Cheesy Shepherd’s Pie
From Ars Cookbook
By Andrew Rittner (via email)
Ingredients
1 lb ground beef
4 oz sharp cheddar cheese
4 oz monterey jack cheese
1 4 oz can of Jolly Green Giant “Niblets” corn
instant potatoes
pepper
butter
meat seasoning of your choice
Directions
Brown the ground beef. Season the meat however you like. Sometimes I add onion power, some Old Bay, or whatever meat seasoning I see on the shelf at the store that looks tasty. It’s up to you. While the beef is browning, oil or smear butter on the inside of a 1 quart baking dish. The deep, long kind meant for baking bread works best.
Drain the grease, and put the beef in the baking dish. Pat it down with a fork or spatula. If you’re using pre-shredded cheese, put the 4 oz of Monterey Jack on top of the beef. If you bought a block of cheese, shred it first, then put it on the beef.
Open the corn, and drain the excess water. Spread it evenly over the cheese layer. Pat it down again good with a fork or spatula. If you prefer, you can add any vegetable you like in place of corn. I’ve used peas before. But the corn really is best.
Spread the 4 oz of cheddar cheese over the corn. Follow the above instructions if you bought non-shredded cheddar.

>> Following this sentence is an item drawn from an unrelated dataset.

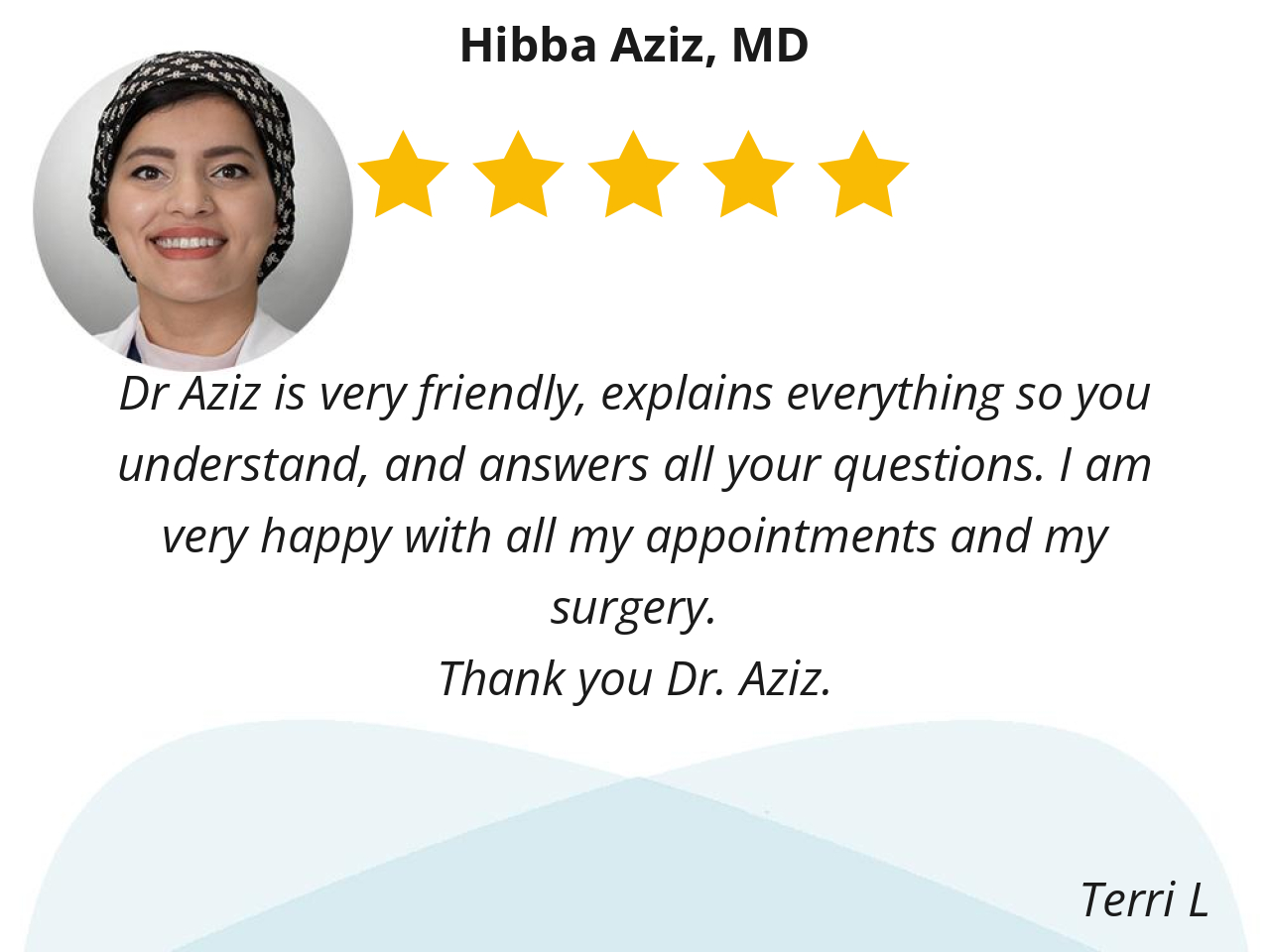 I have been working with Dr.Aziz for 5 months now and 2 surgeries. I have been taking care of the hole time I could not ask for a better support team I am very happy with the care.

If you’re using instant potatoes, (I use Betty Crocker) make 3-4 servings, following the instructions on the box. I like to add some course-ground pepper to the potatoes, but that’s up to you. If you want to mash your own, just make enough to fi ll the baking dish the rest of the way.
When the potatoes are done, spread them evenly over the last cheese layer. It should fill the 1 quart dish perfectly.
Preheat oven to 350 degrees.
Put the dish in the over, and bake for half an hour, or until the tips of the swirls in the mashed potatoes begin to brown.
Makes about 3 big servings. Reheats very well.